• _SUPPLIED INFORMATION_:
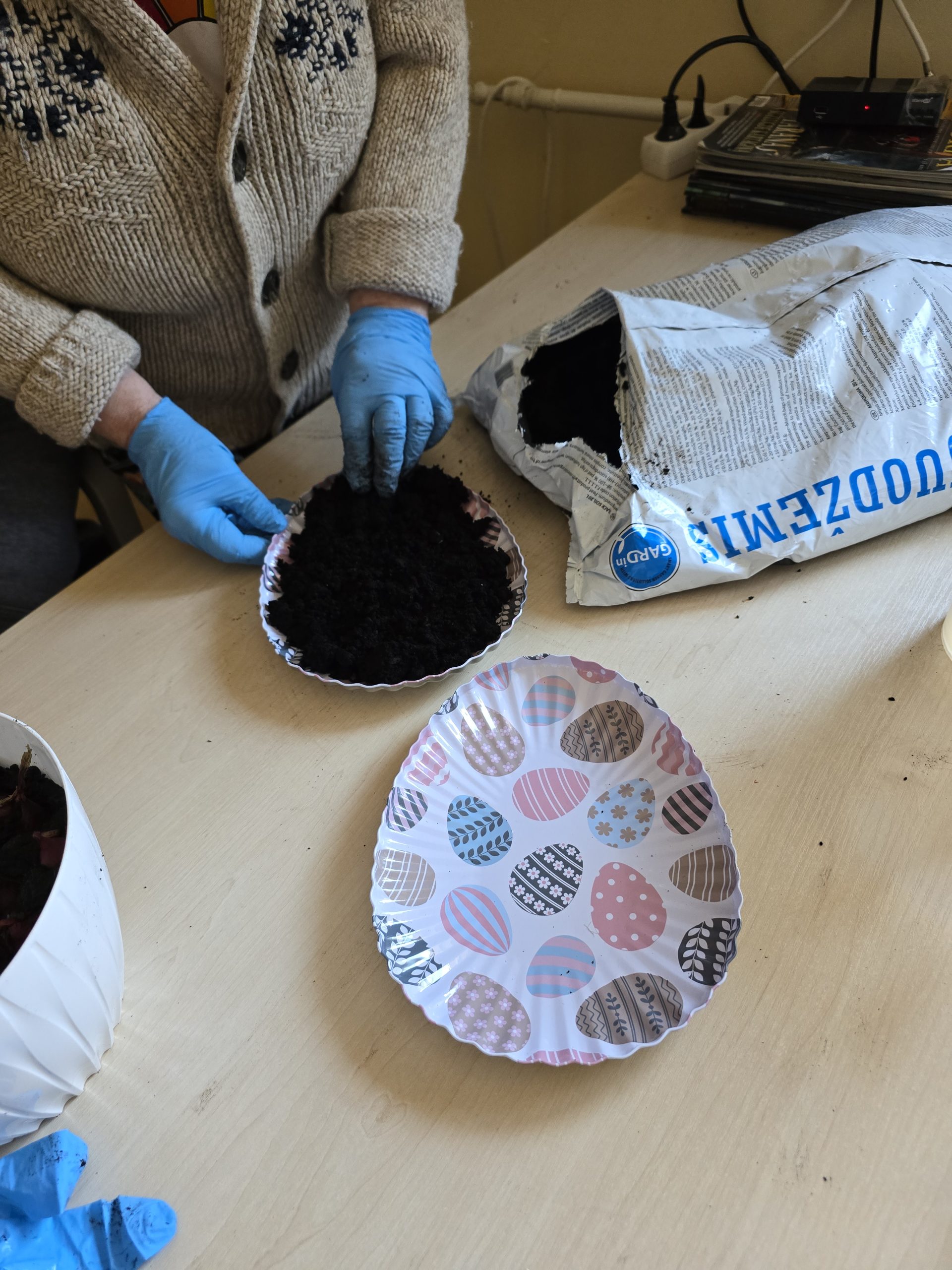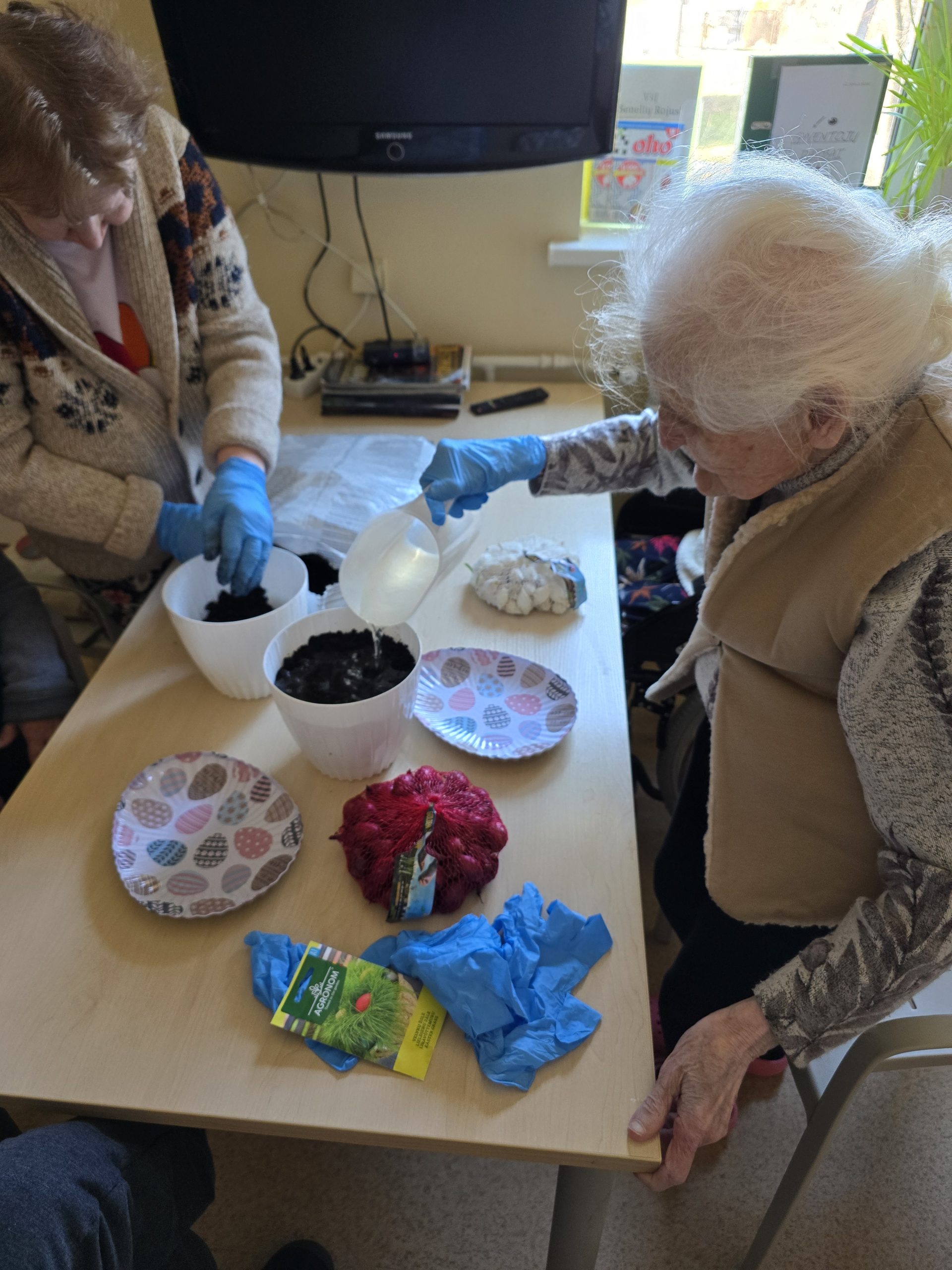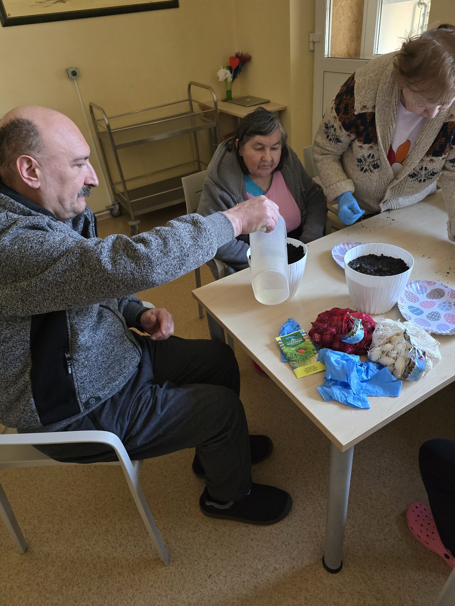 Globos namuose šiandien tvyrojo pavasariška nuotaika ir geros emocijos. Kartu su gyventojais sodinome svogūnų laiškus bei Velykinę žolę. Ši veikla ne tik suteikė daug džiaugsmo, bet ir pažadino gražius prisiminimus – gyventojai dalijosi istorijomis, kaip jaunystėje patys sodindavo daržus, prižiūrėdavo lysves ir laukdavo pirmojo derliaus. 🌱
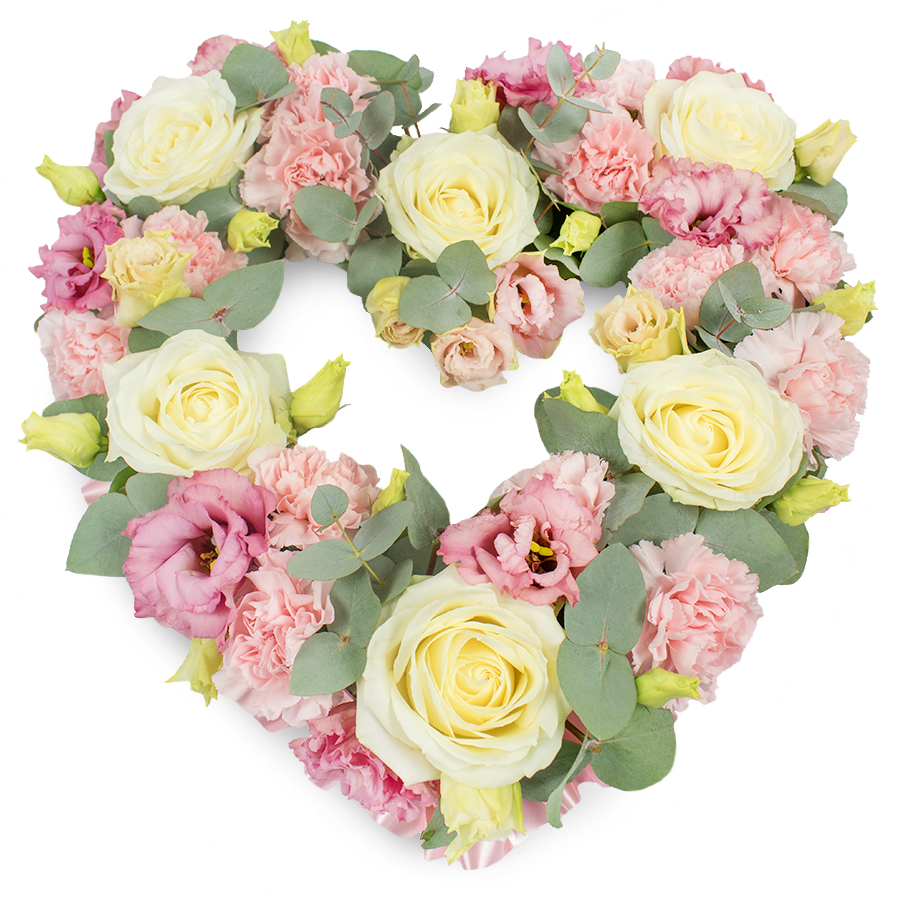 Our Sophisticated Heart Tribute bouquet is designed to convey your sincere emotions with elegance. Featuring a harmonious mix of white roses, pink carnations, pink lisianthus, and eucalyptus leaves, this arrangement offers a perfect balance of color and texture.
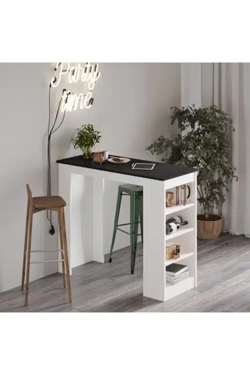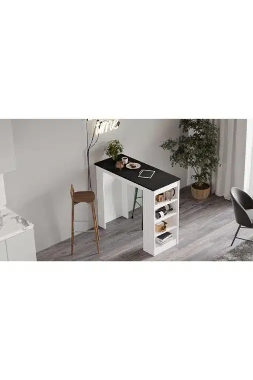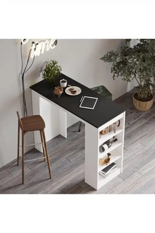 שולחן בר מלבני למטבח שחור משולב עם לבן

• _WHAT TO WORK ON_: Please reproduce the lines exactly from the one containing "Our Sophisticated Heart" through the last line of the data above, and keep the pictures out.

• _OUTPUT_:
 Our Sophisticated Heart Tribute bouquet is designed to convey your sincere emotions with elegance. Featuring a harmonious mix of white roses, pink carnations, pink lisianthus, and eucalyptus leaves, this arrangement offers a perfect balance of color and texture.
 שולחן בר מלבני למטבח שחור משולב עם לבן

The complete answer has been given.